“Con, who you got?” the girl asked. For whatever reason, Con had a weird credibility with all the kids who frequented the shop. Maybe it was because she rarely left the studio and that mysterious obsessiveness made her cool with kids desperate for something to be obsessed about. She appreciated how little any of them seemed to care that she was a clone. It made her hopeful for the future.
“Yeah, who?” the Trent Reznor fan said.
“And don’t say Bowie,” the girl admonished. “You say Bowie for everything.”
Con gave the girl a guilty-as-charged shrug, and the teens all laughed.
“Well,” Con said thoughtfully, remembering old arguments in the back of the van. “My old friend Tommy Diop would have said Billy Preston.”
“Who?” the first boy demanded.
“The fifth Beatle. Played that great electric piano on ‘Don’t Let Me Down,’” the girl said, rolling her eyes, which did not go over big with the boys.
“But who do you think?” the Trent Reznor fan asked, which quieted the others.
“Well, for my money, it was Tommy Diop. Man, could he play.”
“Who’s that?” they all asked.
“He was in a band called Awaken the Ghosts,” Con said, picturing the delighted grin on Tommy’s face whenever he played. Even during their most serious songs, which drove Zhi around the bend.
The kids looked among themselves, none recognizing the name. It wasn’t surprising, but still, Con felt a little sad. Zhi Duan, Hugh Balzan, Tommy Diop—her friends, her bandmates. They’d lived. They’d dreamed. They’d died. And already their memory was fading. Con thought about setting the teenagers straight, but for what? Most of life is lived to be forgotten. That was the way of things, cruel though it felt when it was your life that would be lost.

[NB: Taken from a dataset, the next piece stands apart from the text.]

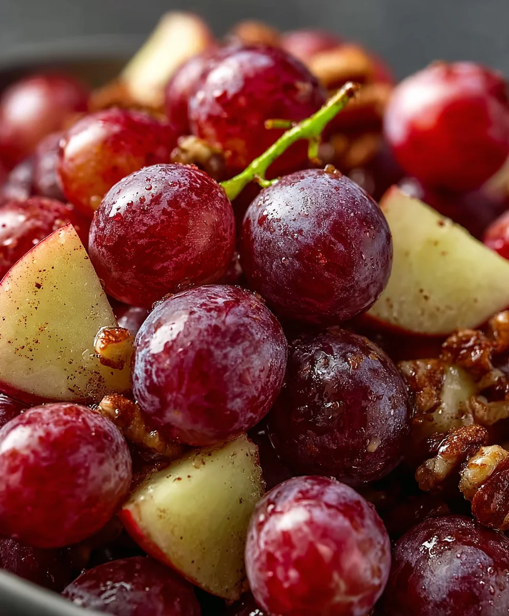 For this Cinnamon Apple Grape Salad, it’s best to use apples that hold their shape well and have a good balance of sweetness and tartness. Varieties like Honeycrisp, Fuji, Gala, or Granny Smith are excellent choices. Granny Smith will add a lovely tartness to balance the sweetness.
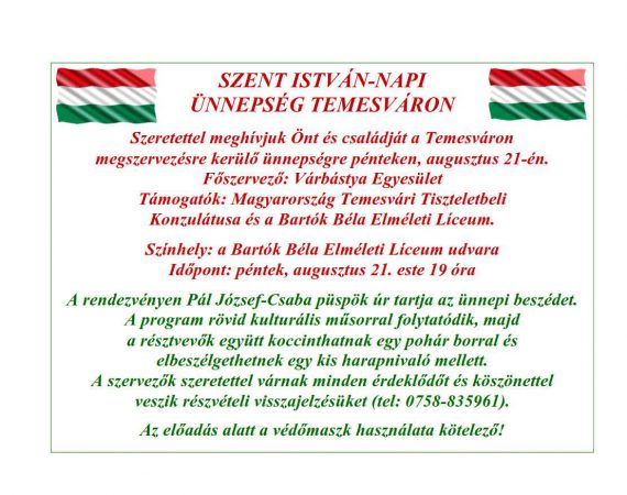 Szent István-napi ünnepség augusztus 21-én 19 órától a Bartók Líceum udvarán

Still, she figured there was always a chance that one of these kids would go home and look up the band. Then, curious or even bored, they would listen to a few of the old songs. Maybe like them enough to share them with friends. Or maybe they were teenagers with other things to worry about, and they’d forget this conversation the moment they left the store. Either way, it had no effect on the lives that her friends had led. If you lived your life to be remembered when you were gone, you were wasting your time.
When the kids left, Con went back to her notebook. The album she’d been envisioning since the crash had grown far beyond its initial scope. She’d pared the song list down to two twelve-track collections. The first was composed of songs that her original had written and recorded before her death. The second twelve were all songs influenced by her experience since her download. She thought the two halves worked well together, bookends on the twin lives she’d led. Hopefully people would listen with an open mind. She still had a childlike belief in music’s ability to bridge even the bitterest divides.
With a little luck, she’d live long enough to hear it played from start to finish. If not, she trusted Stephie to finish it for her. There was so much left to do—she hadn’t even settled on a title. For a while, she’d toyed with Coda, but that felt a little on the nose. Then Constants, but she didn’t want her final contribution to the world to be a bad pun. Lately, she’d been thinking about calling it Awaken the Ghosts, but she hadn’t run it by Stephie, who should have a say. Why were titles so hard?
When the shopkeeper’s bell above the front door jingled, Con glanced up to see if the customer looked the sort to buy three guitars. Well, he could certainly afford it, but she didn’t take him for the musical type.
“Hello, Mr. Gaddis. I was wondering when you’d show up,” she said.
“Hello, Constance,” he said, shaking off the rain. “Honestly, I’ve been meaning to get down here sooner, but things have been so busy. Brooke took a leave of absence from the company, and the board asked me to step in for her.”
Con put down her pen but didn’t stand up from the stool behind the counter. It felt important to remain still and let him come to her. “Strange to see you this far south without an armed escort.”
“Well, a lot has changed,” Gaddis said.
“Congratulations on winning your case.”
“Thank you, but it’s really all our case, isn’t it?” Gaddis replied with the gravitas of a seasoned politician, but she supposed it was true. In a stunning five-to-four decision, the Supreme Court had ruled for the plaintiff in the case Gaddis v. Virginia. In finding that the clone of Vernon Gaddis was also the person Vernon Gaddis, it had swept aside the patchwork of state anti-clone laws and extended federal protections to all clones. The decision had thrown the country into an uproar that seemed far from being over. Children of Adam had seen its membership rolls triple virtually overnight. Con hadn’t heard from Franklin Butler, not even a thank-you note for the idea. He was everywhere these days in full crusader and firebrand mode, vowing not to rest until the travesty of this ruling was overturned, and the original sin of human cloning was cleansed from America’s soul. There were even whispers of a run for president in ’44.